Provided information:
======
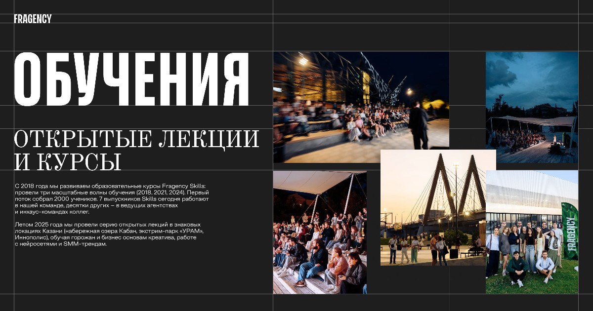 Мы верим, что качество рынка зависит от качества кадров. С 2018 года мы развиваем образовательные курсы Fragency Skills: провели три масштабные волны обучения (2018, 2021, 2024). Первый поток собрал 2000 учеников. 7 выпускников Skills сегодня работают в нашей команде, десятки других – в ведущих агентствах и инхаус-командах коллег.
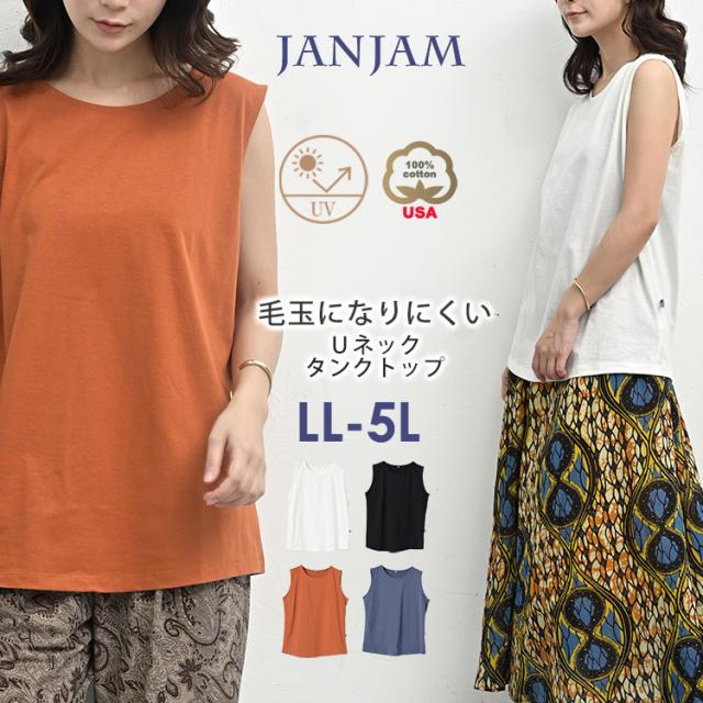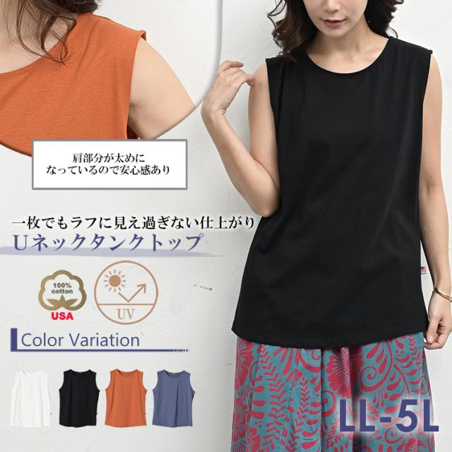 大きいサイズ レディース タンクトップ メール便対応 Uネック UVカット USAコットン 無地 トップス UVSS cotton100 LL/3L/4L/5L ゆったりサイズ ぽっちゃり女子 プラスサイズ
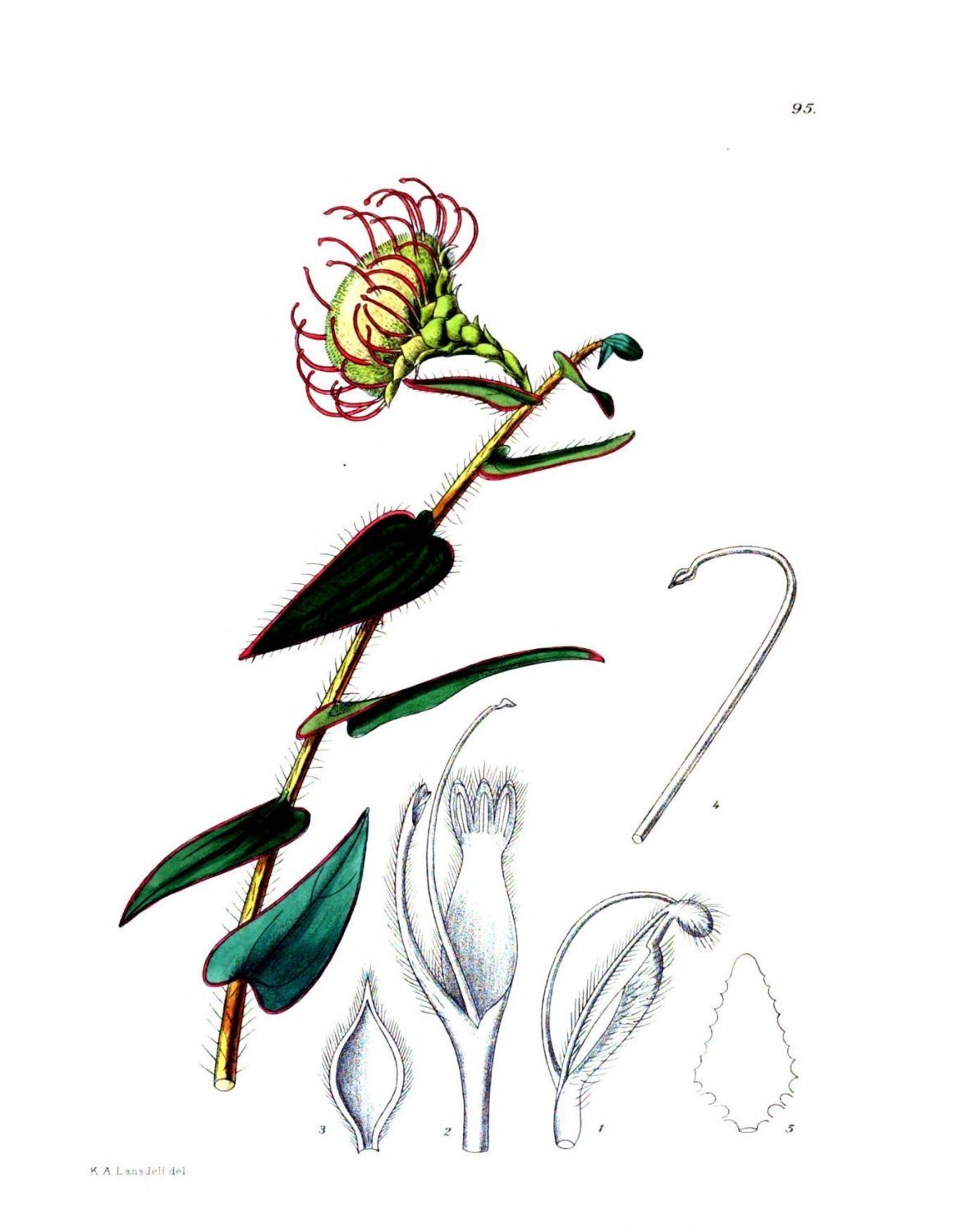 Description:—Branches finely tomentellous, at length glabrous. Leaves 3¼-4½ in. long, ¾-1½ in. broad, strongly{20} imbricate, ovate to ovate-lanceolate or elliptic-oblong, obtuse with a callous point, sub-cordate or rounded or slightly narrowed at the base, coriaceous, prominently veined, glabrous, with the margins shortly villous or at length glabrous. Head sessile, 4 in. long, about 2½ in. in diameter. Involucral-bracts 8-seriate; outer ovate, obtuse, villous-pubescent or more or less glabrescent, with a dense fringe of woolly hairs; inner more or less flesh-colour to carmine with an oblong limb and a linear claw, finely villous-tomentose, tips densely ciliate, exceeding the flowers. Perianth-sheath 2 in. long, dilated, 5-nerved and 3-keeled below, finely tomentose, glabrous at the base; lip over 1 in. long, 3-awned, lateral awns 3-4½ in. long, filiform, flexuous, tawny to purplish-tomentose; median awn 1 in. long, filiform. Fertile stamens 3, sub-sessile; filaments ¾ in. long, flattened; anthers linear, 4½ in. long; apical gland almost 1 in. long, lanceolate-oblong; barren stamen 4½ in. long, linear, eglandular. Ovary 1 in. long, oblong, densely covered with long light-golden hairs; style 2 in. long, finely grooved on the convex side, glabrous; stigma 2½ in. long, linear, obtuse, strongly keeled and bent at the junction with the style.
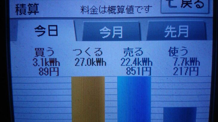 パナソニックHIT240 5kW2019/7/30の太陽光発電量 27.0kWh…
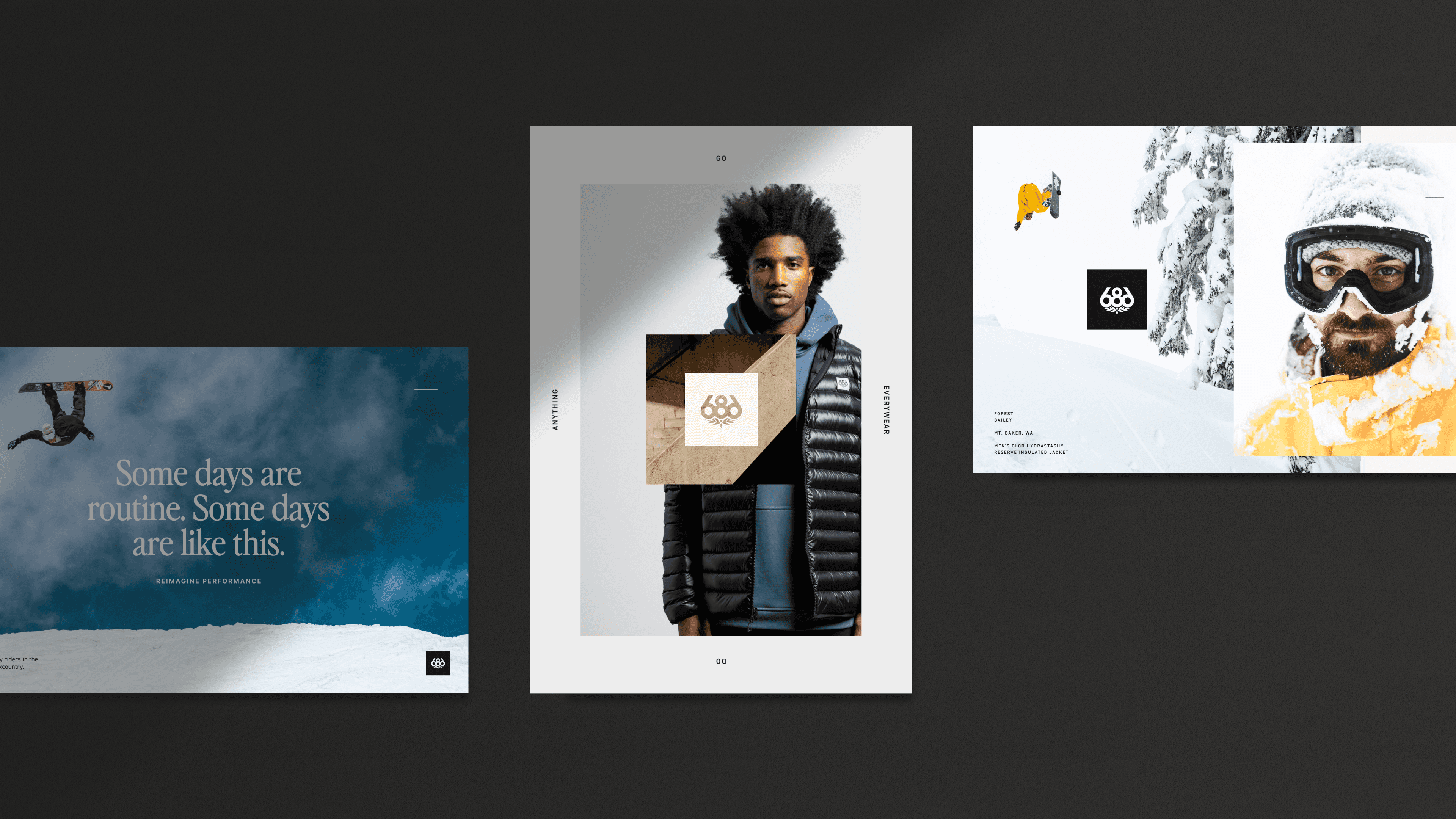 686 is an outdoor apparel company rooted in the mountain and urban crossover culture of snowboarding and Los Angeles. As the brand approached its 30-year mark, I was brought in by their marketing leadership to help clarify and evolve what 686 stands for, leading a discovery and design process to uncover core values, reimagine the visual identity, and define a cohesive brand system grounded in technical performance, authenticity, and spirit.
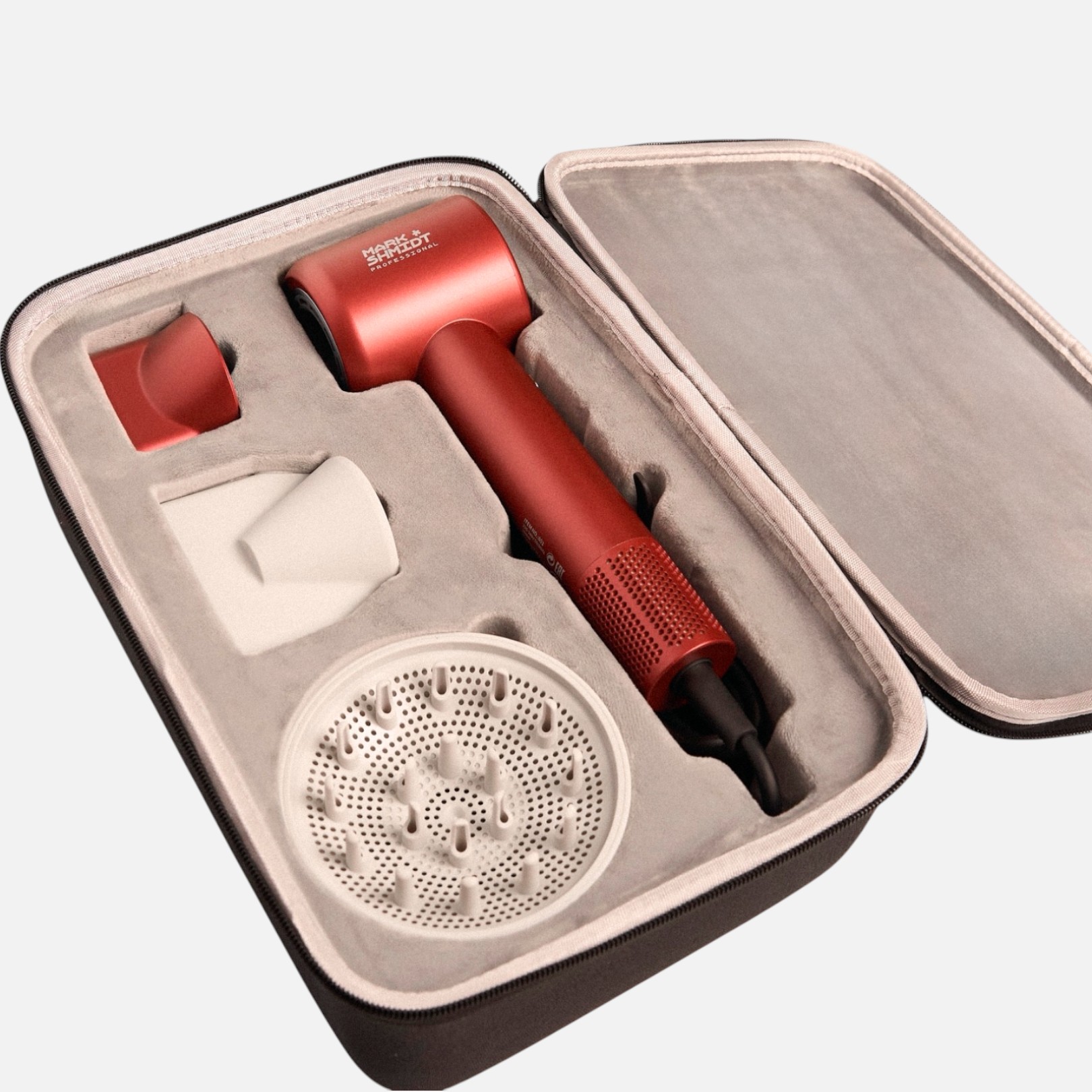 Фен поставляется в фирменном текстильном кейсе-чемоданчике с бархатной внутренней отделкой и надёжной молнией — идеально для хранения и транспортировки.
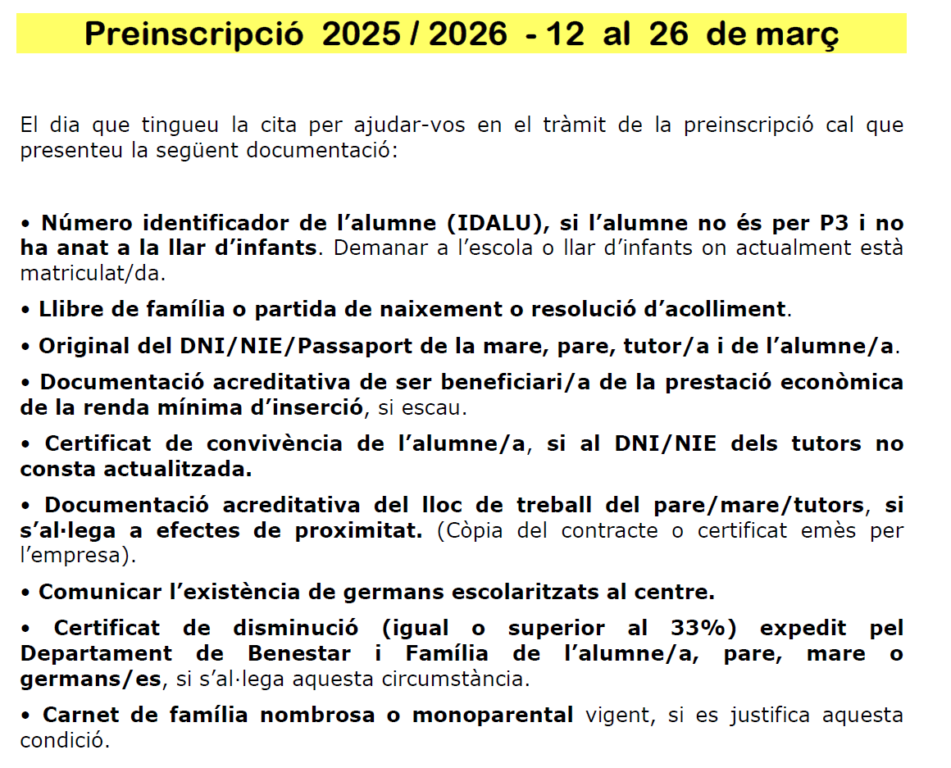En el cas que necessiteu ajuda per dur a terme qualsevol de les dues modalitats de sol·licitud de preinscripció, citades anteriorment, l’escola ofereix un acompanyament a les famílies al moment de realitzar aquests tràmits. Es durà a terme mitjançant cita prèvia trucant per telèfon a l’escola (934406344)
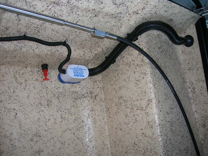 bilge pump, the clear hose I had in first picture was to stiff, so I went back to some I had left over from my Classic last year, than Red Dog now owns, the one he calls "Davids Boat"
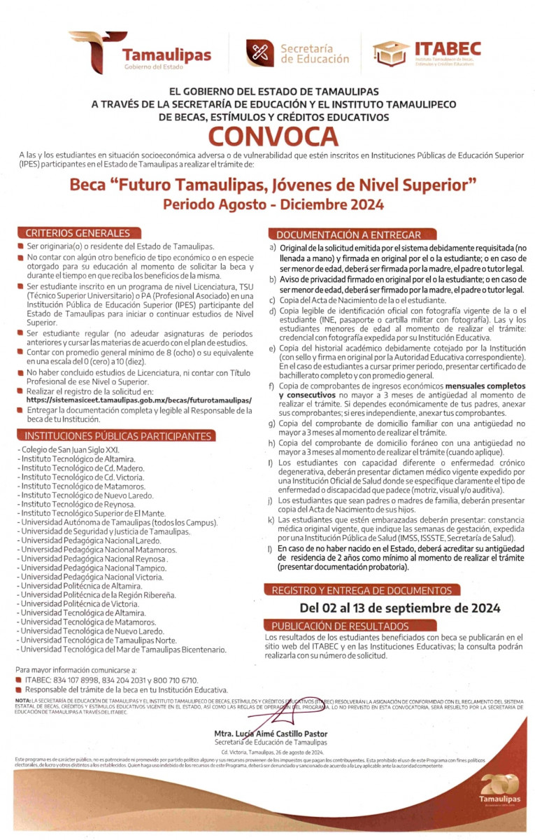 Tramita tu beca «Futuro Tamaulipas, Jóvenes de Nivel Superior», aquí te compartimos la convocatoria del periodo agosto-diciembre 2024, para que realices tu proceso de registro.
======
About this task:
Write the material out again exactly. Do not include the pictures.

Finished task:
 Мы верим, что качество рынка зависит от качества кадров. С 2018 года мы развиваем образовательные курсы Fragency Skills: провели три масштабные волны обучения (2018, 2021, 2024). Первый поток собрал 2000 учеников. 7 выпускников Skills сегодня работают в нашей команде, десятки других – в ведущих агентствах и инхаус-командах коллег.
 大きいサイズ レディース タンクトップ メール便対応 Uネック UVカット USAコットン 無地 トップス UVSS cotton100 LL/3L/4L/5L ゆったりサイズ ぽっちゃり女子 プラスサイズ
 Description:—Branches finely tomentellous, at length glabrous. Leaves 3¼-4½ in. long, ¾-1½ in. broad, strongly{20} imbricate, ovate to ovate-lanceolate or elliptic-oblong, obtuse with a callous point, sub-cordate or rounded or slightly narrowed at the base, coriaceous, prominently veined, glabrous, with the margins shortly villous or at length glabrous. Head sessile, 4 in. long, about 2½ in. in diameter. Involucral-bracts 8-seriate; outer ovate, obtuse, villous-pubescent or more or less glabrescent, with a dense fringe of woolly hairs; inner more or less flesh-colour to carmine with an oblong limb and a linear claw, finely villous-tomentose, tips densely ciliate, exceeding the flowers. Perianth-sheath 2 in. long, dilated, 5-nerved and 3-keeled below, finely tomentose, glabrous at the base; lip over 1 in. long, 3-awned, lateral awns 3-4½ in. long, filiform, flexuous, tawny to purplish-tomentose; median awn 1 in. long, filiform. Fertile stamens 3, sub-sessile; filaments ¾ in. long, flattened; anthers linear, 4½ in. long; apical gland almost 1 in. long, lanceolate-oblong; barren stamen 4½ in. long, linear, eglandular. Ovary 1 in. long, oblong, densely covered with long light-golden hairs; style 2 in. long, finely grooved on the convex side, glabrous; stigma 2½ in. long, linear, obtuse, strongly keeled and bent at the junction with the style.
 パナソニックHIT240 5kW2019/7/30の太陽光発電量 27.0kWh…
 686 is an outdoor apparel company rooted in the mountain and urban crossover culture of snowboarding and Los Angeles. As the brand approached its 30-year mark, I was brought in by their marketing leadership to help clarify and evolve what 686 stands for, leading a discovery and design process to uncover core values, reimagine the visual identity, and define a cohesive brand system grounded in technical performance, authenticity, and spirit.
 Фен поставляется в фирменном текстильном кейсе-чемоданчике с бархатной внутренней отделкой и надёжной молнией — идеально для хранения и транспортировки.
En el cas que necessiteu ajuda per dur a terme qualsevol de les dues modalitats de sol·licitud de preinscripció, citades anteriorment, l’escola ofereix un acompanyament a les famílies al moment de realitzar aquests tràmits. Es durà a terme mitjançant cita prèvia trucant per telèfon a l’escola (934406344)
 bilge pump, the clear hose I had in first picture was to stiff, so I went back to some I had left over from my Classic last year, than Red Dog now owns, the one he calls "Davids Boat"
 Tramita tu beca «Futuro Tamaulipas, Jóvenes de Nivel Superior», aquí te compartimos la convocatoria del periodo agosto-diciembre 2024, para que realices tu proceso de registro.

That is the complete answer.